Genie Helper uses a multi-model stack running on Ollama (port 11434) to balance performance, cost, and task specialization. All models run locally on the VPS with no external API calls.

Model Inventory

Model	Size	Role	Typical Use Case
`dolphin3:8b-llama3.1-q4_K_M`	4.9GB	Orchestrator	Tool planning, ACTION tag emission, multi-step reasoning
`dolphin-mistral:7b`	4.1GB	Uncensored writer	NSFW captions, adult content drafts, fan messages
`qwen-2.5:latest`	4.8GB	Primary agent	AnythingLLM agent, code generation, JSON output
`phi-3.5:latest`	2.2GB	Fallback classifier	Lightweight taxonomy tagging when scout-fast-tag fails
`llama3.2:3b`	2.0GB	Summarizer	Quick summaries, metadata extraction, lightweight tasks
`scout-fast-tag:latest`	1.2GB	Taxonomy classifier	Fast 6-concept taxonomy tagging (custom SmolLM fine-tune)
`bge-m3:latest`	2.4GB	Embeddings	Document embeddings for RAG, semantic search

Total RAM pinned: ~21GB (4-5GB active at any time)

Model Roles

Primary Agent: `qwen-2.5:latest`

Used by: AnythingLLM workspace (default) Strengths:

Best code generation in the 7B class
Reliable JSON output for structured tasks
Good instruction following
Handles most general-purpose agent tasks

Weaknesses:

Tool calling is unreliable (hence Action Runner bypass)
First token latency: ~33s in agent mode on CPU-only VPS
Will stall on CPU-only hardware if context > 8K tokens

When to use:

Default for all AnythingLLM chat interactions
Code generation (scripts, flows, API integrations)
Structured data extraction
Technical Q&A

Orchestrator: `dolphin3:8b-llama3.1-q4_K_M`

Used by: Action Runner flow planning (optional) Strengths:

Excellent at multi-step planning
Reliable ACTION tag emission
Uncensored but still coherent for reasoning tasks
Better tool selection than Qwen-2.5

Weaknesses:

Slower inference (~45s first token on CPU)
Larger memory footprint (4.9GB)
Currently stalls on production VPS (CPU-only)

When to use:

Complex workflows requiring multi-step reasoning
When you need better tool selection than Qwen-2.5
Requires GPU VPS or wait for hardware upgrade

Content Writer: `dolphin-mistral:7b`

Used by: Caption generation, fan message drafting Strengths:

Fully uncensored (no refusals on NSFW content)
Creative, natural-sounding prose
Good at matching tone/style from examples
Fast inference (~2-5s first token)

Weaknesses:

Less structured than Qwen (worse for JSON)
Can be overly verbose
Not suitable for technical tasks

When to use:

Drafting OnlyFans/Fansly captions
Fan engagement messages (DMs, comments)
Content descriptions and marketing copy
Any NSFW text generation

API endpoint: POST /api/captions/generate (uses this model)

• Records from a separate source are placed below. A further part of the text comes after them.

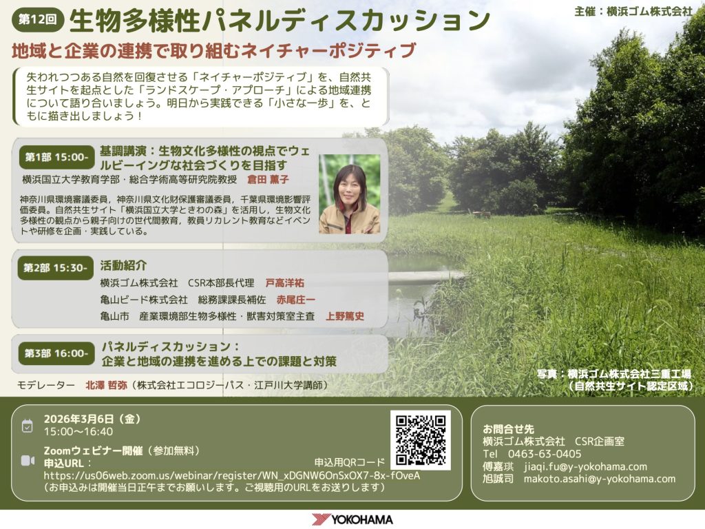The 12th Biodiversity Panel Discussion webinar, titled “Working Toward Nature Positive Through Collaboration Between Communities and Companies,” hosted by Yokohama Rubber Co., Ltd., was held on March 6, 2026. Professor Kaoruko Kurata delivered a keynote lecture titled “Aiming to Build a Well-Being Society from the Perspective of Biocultural Diversity.”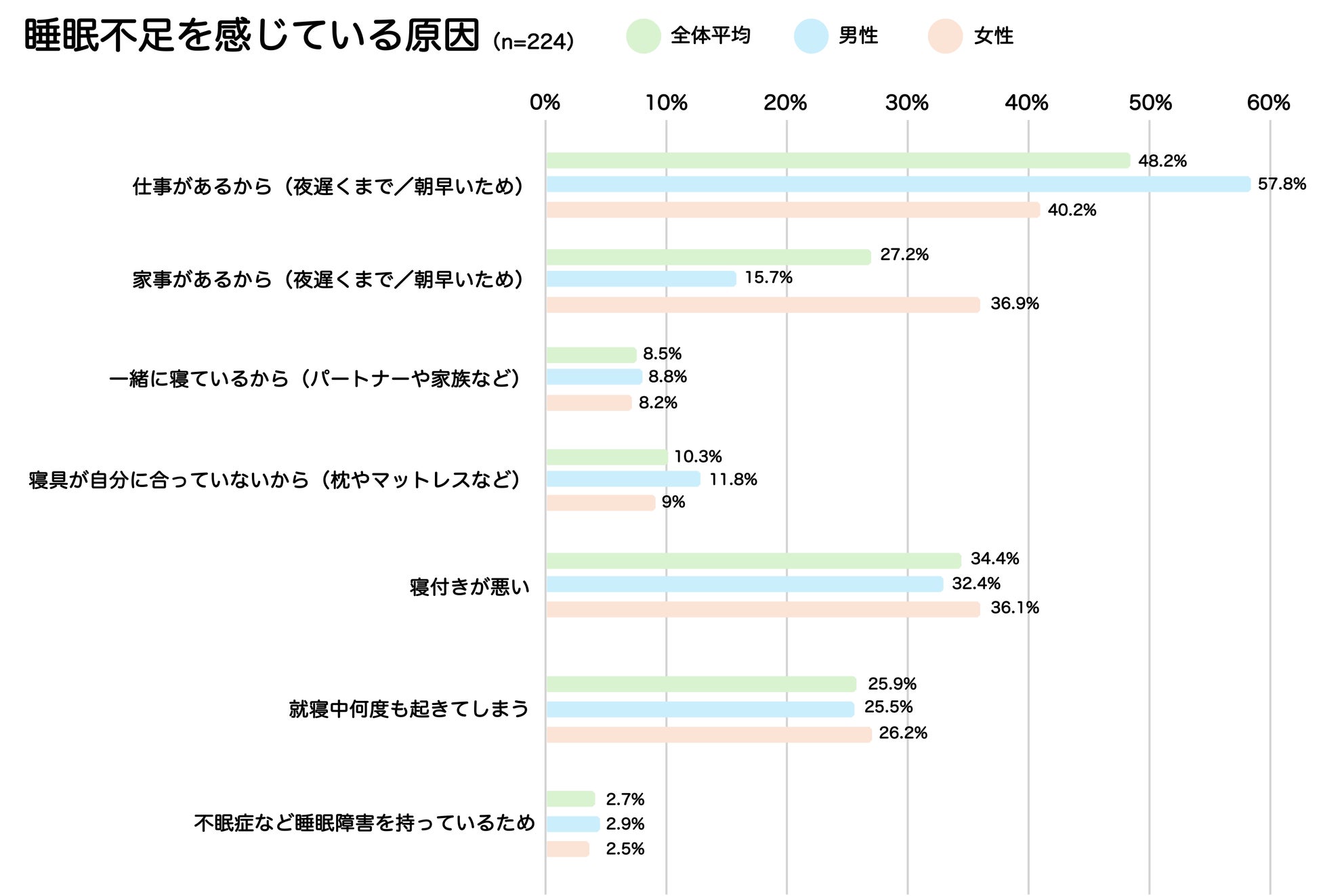 睡眠不足を感じる理由については、「仕事があるから(夜遅くまで/朝早いため)」が48.2%、「寝つきが悪いため」が34.4%、「家事があるから(夜遅くまで/朝早いため)」が27.2%という結果になりました。男女比較においては、女性全体の36.9%が家事によって睡眠不足を感じており(男性は15.7%)、特に40代の女性は47.2%の方が家事が原因で睡眠不足と感じていることが分かりました。なお、男性全体においては、仕事による睡眠不足を感じていると57.4%の方が回答しており、男性の2人1人が仕事が原因で睡眠不足を感じています。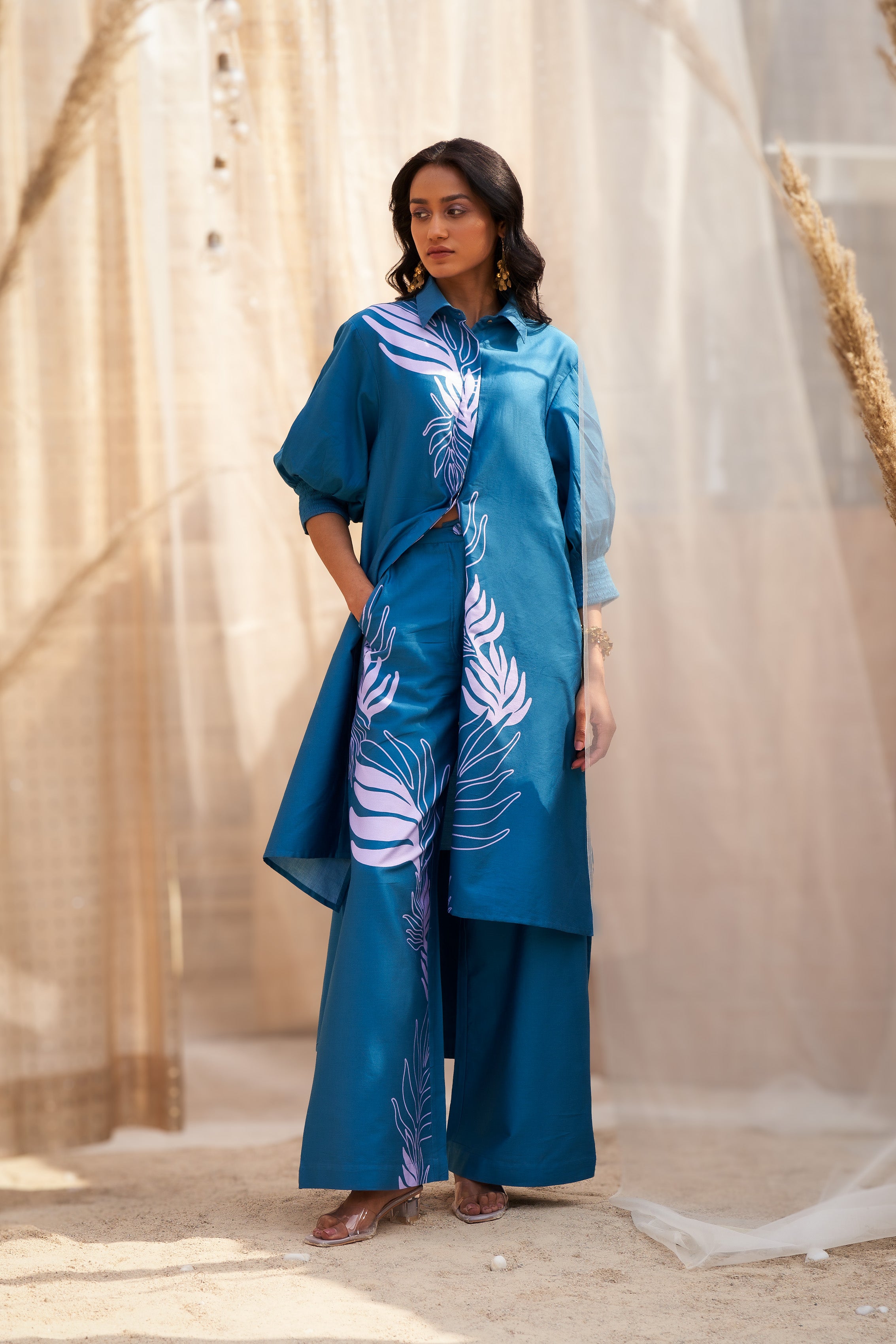 Redefine your elegance with this Charming Leaf-Print Co-ord Set, designed for modern elegance and sophistication. The kurta features a collared neckline and a front-buttoned design, adding a structured and contemporary appeal. Delicate Zari-highlighted motifs enhance the charm, making it perfect for special occasions. Unique smocking details on the sleeve cuffs add a playful yet refined touch, while the hi-lo kurta panels bring movement and flair to the outfit. Paired with flared pants, this ensemble offers a comfortable yet chic silhouette. Accessorize with statement jewelry and heels for a polished look that stands out.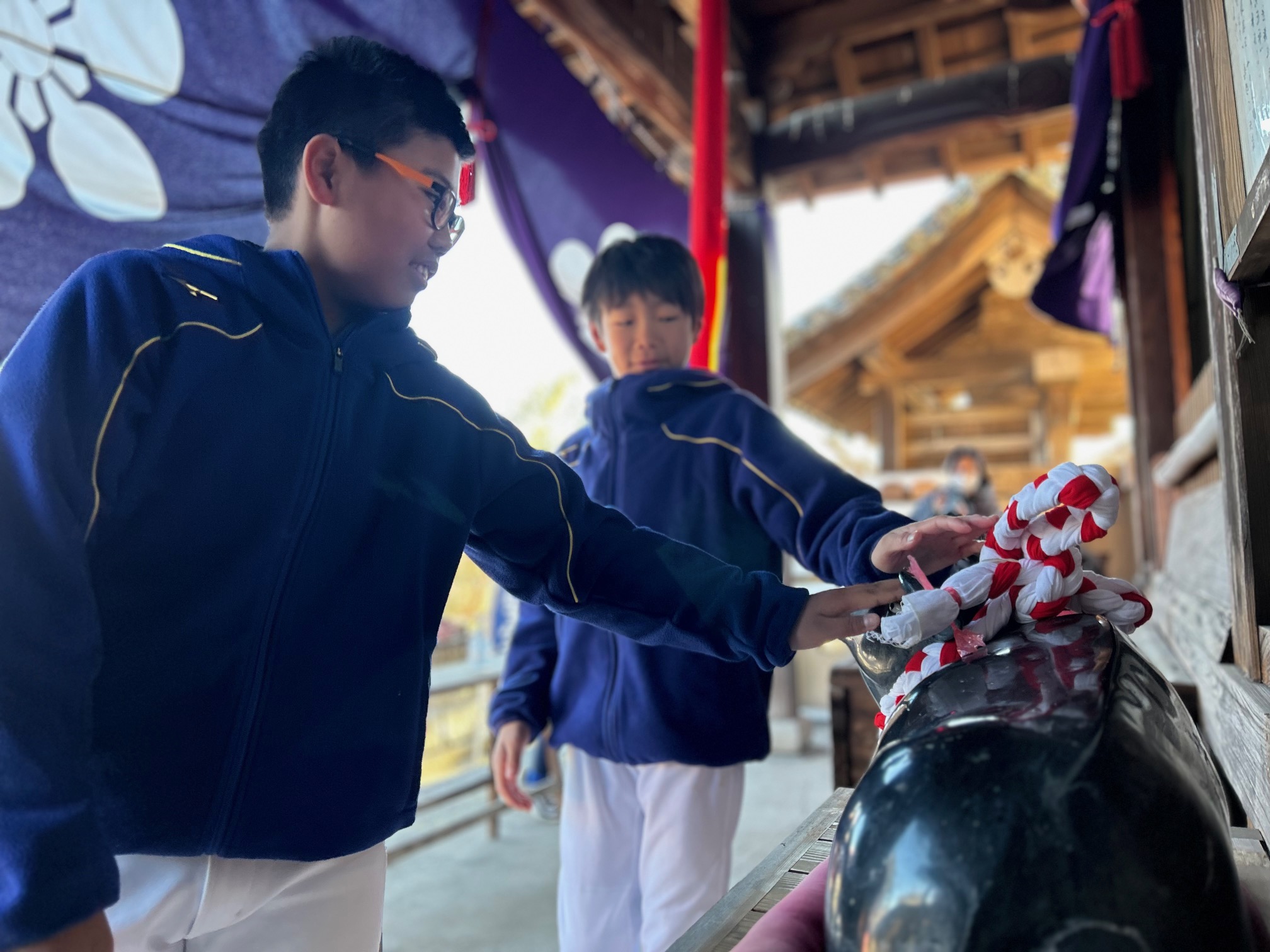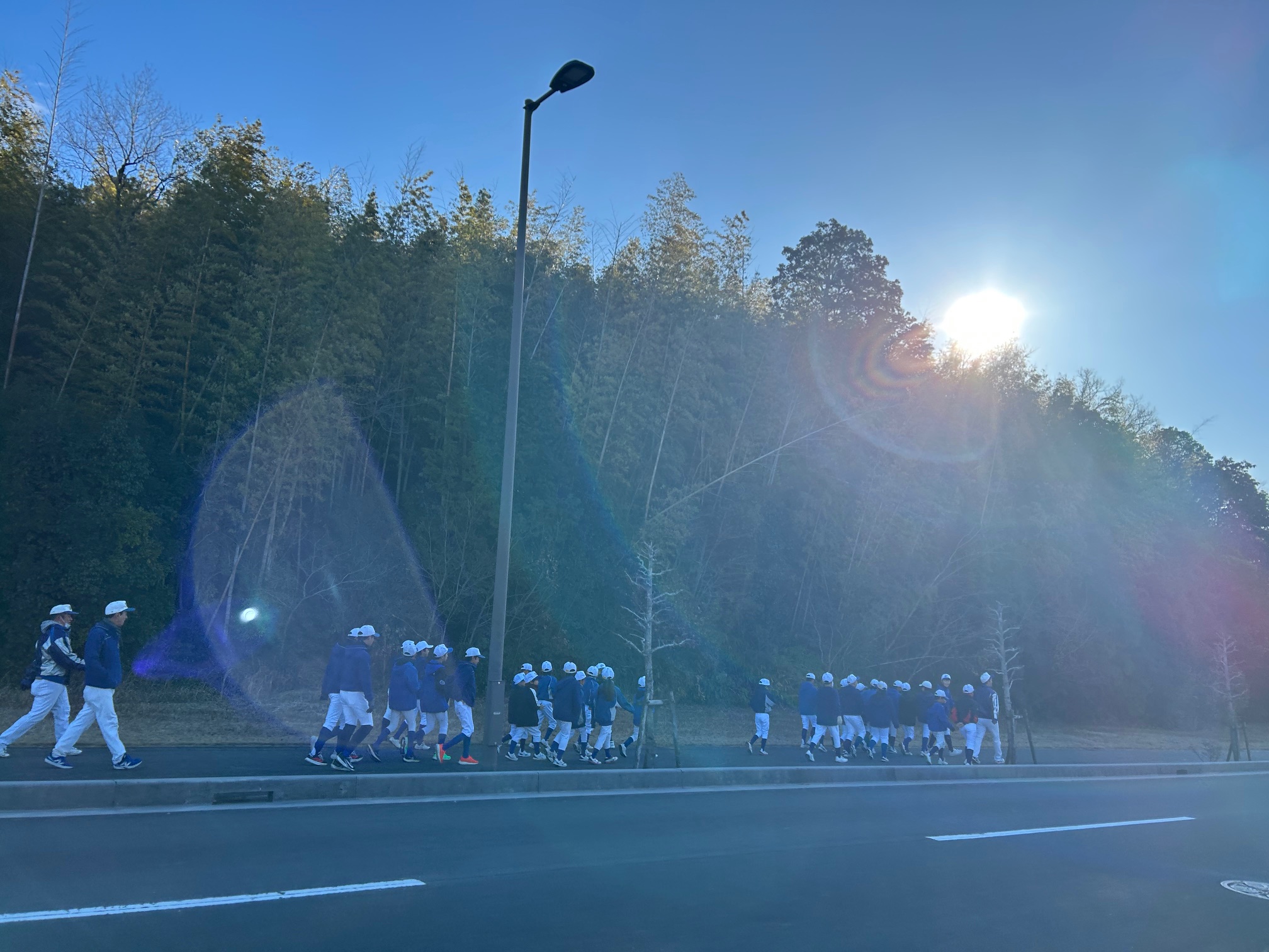 参拝後は、下級生から順に坂道ダッシュでランニング。

Taxonomy Classifier: `scout-fast-tag:latest`

Used by: taxonomy-tag ACTION flow Strengths:

Custom fine-tune on 3,208 taxonomy tags
Fast inference (~500ms per image)
Optimized for 6-concept classification
Low memory footprint (1.2GB)

Weaknesses:

Single-purpose model (only taxonomy)
Requires fallback to phi-3.5 on failure
Limited to visual content classification

When to use:

Auto-tagging uploaded media
Batch classification of scraped content
Content audit (NSFW detection, theme analysis)

Output format:

{
  "concepts": {
    "aesthetic": ["glamour", "luxury"],
    "activity": ["posing"],
    "mood": ["confident"],
    "setting": ["indoor", "bedroom"],
    "attire": ["lingerie"],
    "bodyType": ["athletic"]
  }
}

Fallback Classifier: `phi-3.5:latest`

Used by: Taxonomy tagging when scout-fast-tag fails Strengths:

General-purpose vision model
More robust on edge cases
Can handle text + image input

Weaknesses:

Slower than scout-fast-tag (~3-5s)
Less accurate on Genie Helper’s specific taxonomy
May refuse NSFW content (has guardrails)

When to use:

Backup for failed scout-fast-tag calls
Mixed content (text + image analysis)
When you need explanations for classifications

Summarizer: `llama3.2:3b`

Used by: Quick summaries, metadata extraction Strengths:

Fastest inference (~1-2s first token)
Lowest memory footprint (2GB)
Good at extracting key points

Weaknesses:

Limited context window (4K tokens)
Less coherent on complex topics
Not suitable for multi-turn chat

When to use:

Summarizing scraped profile data
Extracting metadata from long text
Quick content previews
Notifications and alerts

Embeddings: `bge-m3:latest`

Used by: AnythingLLM document embeddings, RAG Strengths:

State-of-the-art multilingual embeddings
Fast batch processing
Supports 8K token context

When to use:

Ingesting documents into AnythingLLM workspaces
Semantic search over creator content
Memory recall (“What did I post last week?”)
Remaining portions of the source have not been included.